Travelblogue I: Solstice

I left on a road trip on the longest day of the longest year. I would drive with the promise of enduring light, the road unrolling over the darkness of months of stress, grief, confusion, and ill health: a slate-wiping or a full immersion baptism—either way, it would happen with music, sky, and a game-like hunt for the best gas prices and cleanest restrooms.

In German, there is an imposing word: Vergangenheitsbewältigung. It means, quite literally, mastering the past. In a German context, it refers to the guilt-filled prospect of dealing with the Nazi past. In my own consideration of recent events, it was less a need to master them as it was an urgent desire to be IN them. My father, to whom I was close and from whom I received many of the traits that make me who I am, had died before the holidays—taking my identity mirror with him.

But just as I was about to dive, in earnest, into the process of grieving his loss, I came down with bacterial meningitis. That was followed by the discovery that the organism had gained entry through a small hole in the front of my skull, through which cerebrospinal fluid was leaking out my nose. What I thought was months-long sinusitis turned out to be my very brain fluid flowing away. Months of hospitalization, surgery to repair the leak, and tiresome recovery later, I packed my new little car and turned my face toward home: the South.
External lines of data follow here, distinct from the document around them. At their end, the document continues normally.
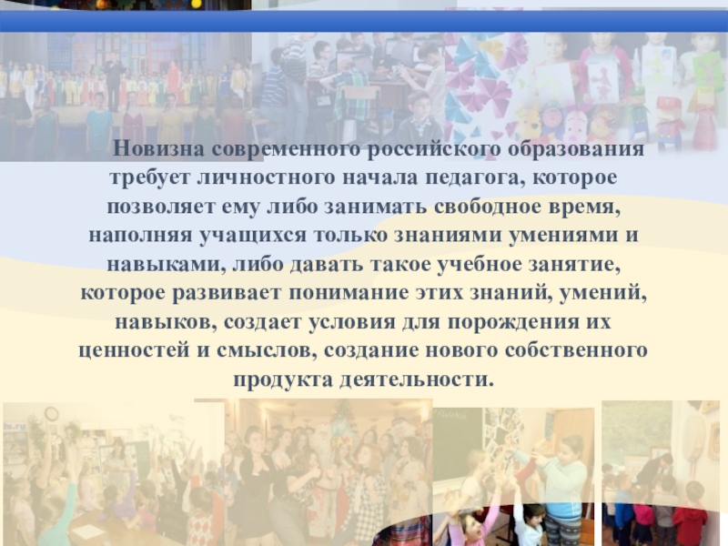 Слайд 45Новизна современного российского образования требует личностного начала педагога, которое позволяет ему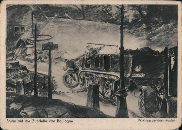 Front: JL WE-IFE Sturm auf die Zitadelle von Boulogne PK-Kriegsberichter Adolph Back: TIEFDRUCK ECHT KUPFER- E 1061 Kunstverlag Johannes Thordsen jun., Hamburg 1. Ges. gesch. Nr. 206 DB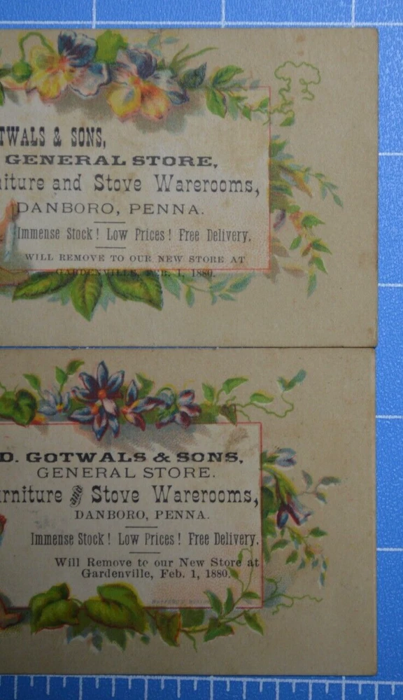 Description: Bucks County Danboro PA D. Gotwals & Sons, General Store Trade Cards. This lot includes two cards, as pictured. Undated, but old. Questions and offers welcome. Please review entire listing (including condition, title, pictures, description, and terms) before committing to purchase this listing. Before agreeing to purchase this listing, make your own determination on condition of the item(s) being offered in this listing. Pictures are part of the description and are provided to help illustrate condition. Since descriptions and opinions of condition can vary, seller provides prospective buyers with the ability to request more information and additional pictures before the close of this listing. When in doubt, please contact Taggart Neveling Books Ephemera, LLC "the seller" through eBay before you bid or agree to purchase this listing. This helps ensure a smooth transaction, one where Taggart Neveling Books Ephemera, LLC gets a sale and the buyer gets the item(s) they want to purchase. Condition & Disclosure of All Faults: All items appearing in this listing are pre-owned and are sold "AS-IS" and "WITH ALL FAULTS." No warranties, express or implied, are made in connection with this listing. Additionally, all other warranties not specifically listed above, are also disclaimed. Since the seller, Taggart Neveling Books Ephemera, LLC, does not provide any warranties with this listing, to the fullest extent allowed by law no sale shall be deemed invalid. A written description and uploaded pictures are offered to help provide a general idea of condition. Pictures are part of the description, but may not show every defect or flaw of an item or collection of items. The written description offered in this listing may not state every single defect or flaw in condition associated with item or items offered in this listing. However, Taggart Neveling Books Ephemera, LLC "the seller" offers potential buyers the ability to submit questions before agreeing to purchase this listing. Buyer agrees that a failure to exercise this option is not sufficient cause to initiate a return. Since Taggart Neveling Books Ephemera, LLC offers potential buyers the ability to submit questions before agreeing to purchase this listing, by bidding or agreeing to purchase this listing, buyer agrees seller has provided sufficient legal disclosure of all defects and faults, even if such defects and faults are not specifically identified in the written description or shown in the uploaded images. All statements and descriptions about age, authenticity, condition, fitness for a particular purpose, or origin of items offered in this listing, as well as those made in response to questions about this listing, reflect the opinion of the seller and are NOT offered as statements of fact. By bidding or agreeing to purchase this listing, the buyer agrees that to the fullest extent allowed by applicable law, Taggart Neveling Books Ephemera, LLC "the seller" will not be liable for any defect, error, or omission in this listing. By bidding or agreeing to purchase this listing buyer agrees to have performed all due diligence beforehand. By bidding or agreeing to purchase this listing buyer agrees all items offered in this listing may require cleaning, conservation, or repair. By bidding or agreeing to purchase this listing, buyer agrees ALL SALES ARE FINAL. NO REFUNDS. NO PARTIAL REFUNDS. NO RETURNS. NO EXCHANGES. Digital Photos and on Screen Viewing: Cameras and computers sometimes display colors differently. Colors, when viewed on a computer screen, can be lighter or darker than the actual item(s) that is being photographed. Please keep this in mind when you place your bid. Please also note: No display props or materials (tape measures, stands, or other items that may be used to help display a listing) are included. Taggart Neveling Books Ephemera, LLC welcomes questions, but asks all potential buyers to submit questions at least one day before the close of this listing. This helps ensure there will be enough time to respond to questions before the close of the listing. Payment Policy: Payment is due within two days of the close of a listing. If a listing remains unpaid for three or more days the issue will be reported to eBay. Failure to pay for an item in a timely fashion may result in a buyer being blocked from both current and future listings offered under this user ID. Sales Tax, Use Tax, Other Taxes: Since tax laws vary by state, you may be responsible for remitting sales or use tax to the appropriate state agency. The bidder, by bidding, agrees that if any sales or use tax (or any other tax) is due on the item(s) purchased, it is to be paid and remitted to the appropriate agency by the buyer and not the seller. Please note that eBay has largely automated this process. However, if there is any error in eBay's collection or the calculation of tax due, the buyer agrees, to the fullest extent allowed by law, to pay the correct amount to the appropriate agency and to not hold the seller responsible for covering any additional amount of tax due. Shipping Policy: Shipping Cost for this listing (Within Continental US): Item will ship for $4.95, with tracking, to continental US. Please note: No in-person pickups or deliveries are offered with this listing. Delivery for this listing will only be made via USPS mail. In listings without free shipping offered, total shipping cost includes all aspects of shipping, such as packing materials, time to pack the listing(s), time and expense incurred to get the listing(s) to the post office, and lastly postage. Postage is just one aspect of shipping cost. Please keep this in mind if you happen to see an instance where the shipping cost charged was higher than the postage cost. Time to Ship: All orders will ship within five business days. This means your order will ship, once it is paid for, within five business days. Additionally, orders will be tracked and tracking information will be uploa

I only stayed on I-5 from Seattle to Roseburg, OR, at which point I took the “wagon road” over the hills toward Coos Bay and picked up US 101. Still—at one and the same time—wound up and depleted, still set-jawed, I tried to inhabit the role of Middle-Aged Woman On Epic Road Trip, Considering Loss and Identity, Remembering Who She Was and Is. I put on the right clothes, I donned the jaunty cap, I cued up the proper tunes. But I was acting. Mostly I felt like a fraud. Mostly I fought the urge to check email from work. Mostly I stumbled over song lyrics and shifted in my seat, gripping the wheel a little too tightly.  But I committed to the role, and by the time I rounded the bend in Port Orford and saw full-out ocean—the waves-crashing-against-craggy-coast kind—I felt my brow starting to unfurrow. I stopped at the first “vista point” and stood on the cliff, listening and breathing in this different air from downtown Seattle for a while, and then pressed on to my first overnight of the trip: Crescent City, California.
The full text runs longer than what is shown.